**Aim of the task**
Below is a block of data; give all of it again word for word.

*** Data section ***

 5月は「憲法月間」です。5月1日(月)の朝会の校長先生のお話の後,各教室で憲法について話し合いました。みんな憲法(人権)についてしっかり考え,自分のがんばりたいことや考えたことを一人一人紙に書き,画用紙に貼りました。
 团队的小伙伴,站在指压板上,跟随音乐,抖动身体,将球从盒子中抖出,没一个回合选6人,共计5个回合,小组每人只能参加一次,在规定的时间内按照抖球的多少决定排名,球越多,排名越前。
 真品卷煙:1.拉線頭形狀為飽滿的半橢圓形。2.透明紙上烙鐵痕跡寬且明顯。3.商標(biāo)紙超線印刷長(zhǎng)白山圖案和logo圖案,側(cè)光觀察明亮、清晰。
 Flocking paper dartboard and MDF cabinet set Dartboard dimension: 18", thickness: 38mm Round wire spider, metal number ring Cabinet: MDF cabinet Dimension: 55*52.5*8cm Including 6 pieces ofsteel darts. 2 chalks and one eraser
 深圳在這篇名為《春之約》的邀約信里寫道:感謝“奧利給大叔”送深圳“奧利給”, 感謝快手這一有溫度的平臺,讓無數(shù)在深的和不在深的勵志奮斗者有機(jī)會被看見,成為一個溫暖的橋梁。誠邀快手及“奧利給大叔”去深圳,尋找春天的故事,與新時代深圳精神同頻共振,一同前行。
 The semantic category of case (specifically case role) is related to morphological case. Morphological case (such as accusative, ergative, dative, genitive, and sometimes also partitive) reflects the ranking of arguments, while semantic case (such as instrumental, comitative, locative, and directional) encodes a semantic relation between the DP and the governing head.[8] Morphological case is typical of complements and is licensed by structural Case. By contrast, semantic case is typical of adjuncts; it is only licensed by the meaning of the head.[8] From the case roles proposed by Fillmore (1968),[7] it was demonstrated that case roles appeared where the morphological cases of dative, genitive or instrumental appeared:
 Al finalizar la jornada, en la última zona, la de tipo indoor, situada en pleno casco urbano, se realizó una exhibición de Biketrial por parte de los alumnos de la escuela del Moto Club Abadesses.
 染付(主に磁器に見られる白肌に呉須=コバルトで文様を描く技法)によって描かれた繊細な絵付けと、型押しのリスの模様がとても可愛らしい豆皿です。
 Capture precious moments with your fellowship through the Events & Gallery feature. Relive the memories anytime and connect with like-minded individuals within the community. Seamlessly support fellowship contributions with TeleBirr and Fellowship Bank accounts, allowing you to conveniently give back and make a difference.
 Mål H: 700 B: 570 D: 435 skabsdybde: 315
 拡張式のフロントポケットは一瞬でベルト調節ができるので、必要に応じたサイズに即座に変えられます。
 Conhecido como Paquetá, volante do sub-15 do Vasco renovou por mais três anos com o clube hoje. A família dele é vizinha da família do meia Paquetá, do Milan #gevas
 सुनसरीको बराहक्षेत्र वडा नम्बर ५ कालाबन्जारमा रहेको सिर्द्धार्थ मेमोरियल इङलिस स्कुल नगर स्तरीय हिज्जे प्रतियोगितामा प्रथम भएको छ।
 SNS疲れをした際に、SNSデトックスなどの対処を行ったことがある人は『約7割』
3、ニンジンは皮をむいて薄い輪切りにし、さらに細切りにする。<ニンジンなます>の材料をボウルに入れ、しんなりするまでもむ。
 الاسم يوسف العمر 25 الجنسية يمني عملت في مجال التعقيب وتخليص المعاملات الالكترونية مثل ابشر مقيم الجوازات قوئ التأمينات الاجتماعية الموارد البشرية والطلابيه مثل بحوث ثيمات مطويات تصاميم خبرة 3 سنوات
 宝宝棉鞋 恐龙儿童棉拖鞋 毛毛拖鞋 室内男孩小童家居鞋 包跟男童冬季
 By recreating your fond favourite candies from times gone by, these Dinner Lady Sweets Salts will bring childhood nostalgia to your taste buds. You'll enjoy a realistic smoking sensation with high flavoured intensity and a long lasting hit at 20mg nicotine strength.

*** End of Data section ***

**Solution to the exercise**
 5月は「憲法月間」です。5月1日(月)の朝会の校長先生のお話の後,各教室で憲法について話し合いました。みんな憲法(人権)についてしっかり考え,自分のがんばりたいことや考えたことを一人一人紙に書き,画用紙に貼りました。
 团队的小伙伴,站在指压板上,跟随音乐,抖动身体,将球从盒子中抖出,没一个回合选6人,共计5个回合,小组每人只能参加一次,在规定的时间内按照抖球的多少决定排名,球越多,排名越前。
 真品卷煙:1.拉線頭形狀為飽滿的半橢圓形。2.透明紙上烙鐵痕跡寬且明顯。3.商標(biāo)紙超線印刷長(zhǎng)白山圖案和logo圖案,側(cè)光觀察明亮、清晰。
 Flocking paper dartboard and MDF cabinet set Dartboard dimension: 18", thickness: 38mm Round wire spider, metal number ring Cabinet: MDF cabinet Dimension: 55*52.5*8cm Including 6 pieces ofsteel darts. 2 chalks and one eraser
 深圳在這篇名為《春之約》的邀約信里寫道:感謝“奧利給大叔”送深圳“奧利給”, 感謝快手這一有溫度的平臺,讓無數(shù)在深的和不在深的勵志奮斗者有機(jī)會被看見,成為一個溫暖的橋梁。誠邀快手及“奧利給大叔”去深圳,尋找春天的故事,與新時代深圳精神同頻共振,一同前行。
 The semantic category of case (specifically case role) is related to morphological case. Morphological case (such as accusative, ergative, dative, genitive, and sometimes also partitive) reflects the ranking of arguments, while semantic case (such as instrumental, comitative, locative, and directional) encodes a semantic relation between the DP and the governing head.[8] Morphological case is typical of complements and is licensed by structural Case. By contrast, semantic case is typical of adjuncts; it is only licensed by the meaning of the head.[8] From the case roles proposed by Fillmore (1968),[7] it was demonstrated that case roles appeared where the morphological cases of dative, genitive or instrumental appeared:
 Al finalizar la jornada, en la última zona, la de tipo indoor, situada en pleno casco urbano, se realizó una exhibición de Biketrial por parte de los alumnos de la escuela del Moto Club Abadesses.
 染付(主に磁器に見られる白肌に呉須=コバルトで文様を描く技法)によって描かれた繊細な絵付けと、型押しのリスの模様がとても可愛らしい豆皿です。
 Capture precious moments with your fellowship through the Events & Gallery feature. Relive the memories anytime and connect with like-minded individuals within the community. Seamlessly support fellowship contributions with TeleBirr and Fellowship Bank accounts, allowing you to conveniently give back and make a difference.
 Mål H: 700 B: 570 D: 435 skabsdybde: 315
 拡張式のフロントポケットは一瞬でベルト調節ができるので、必要に応じたサイズに即座に変えられます。
 Conhecido como Paquetá, volante do sub-15 do Vasco renovou por mais três anos com o clube hoje. A família dele é vizinha da família do meia Paquetá, do Milan #gevas
 सुनसरीको बराहक्षेत्र वडा नम्बर ५ कालाबन्जारमा रहेको सिर्द्धार्थ मेमोरियल इङलिस स्कुल नगर स्तरीय हिज्जे प्रतियोगितामा प्रथम भएको छ।
 SNS疲れをした際に、SNSデトックスなどの対処を行ったことがある人は『約7割』
3、ニンジンは皮をむいて薄い輪切りにし、さらに細切りにする。<ニンジンなます>の材料をボウルに入れ、しんなりするまでもむ。
 الاسم يوسف العمر 25 الجنسية يمني عملت في مجال التعقيب وتخليص المعاملات الالكترونية مثل ابشر مقيم الجوازات قوئ التأمينات الاجتماعية الموارد البشرية والطلابيه مثل بحوث ثيمات مطويات تصاميم خبرة 3 سنوات
 宝宝棉鞋 恐龙儿童棉拖鞋 毛毛拖鞋 室内男孩小童家居鞋 包跟男童冬季
 By recreating your fond favourite candies from times gone by, these Dinner Lady Sweets Salts will bring childhood nostalgia to your taste buds. You'll enjoy a realistic smoking sensation with high flavoured intensity and a long lasting hit at 20mg nicotine strength.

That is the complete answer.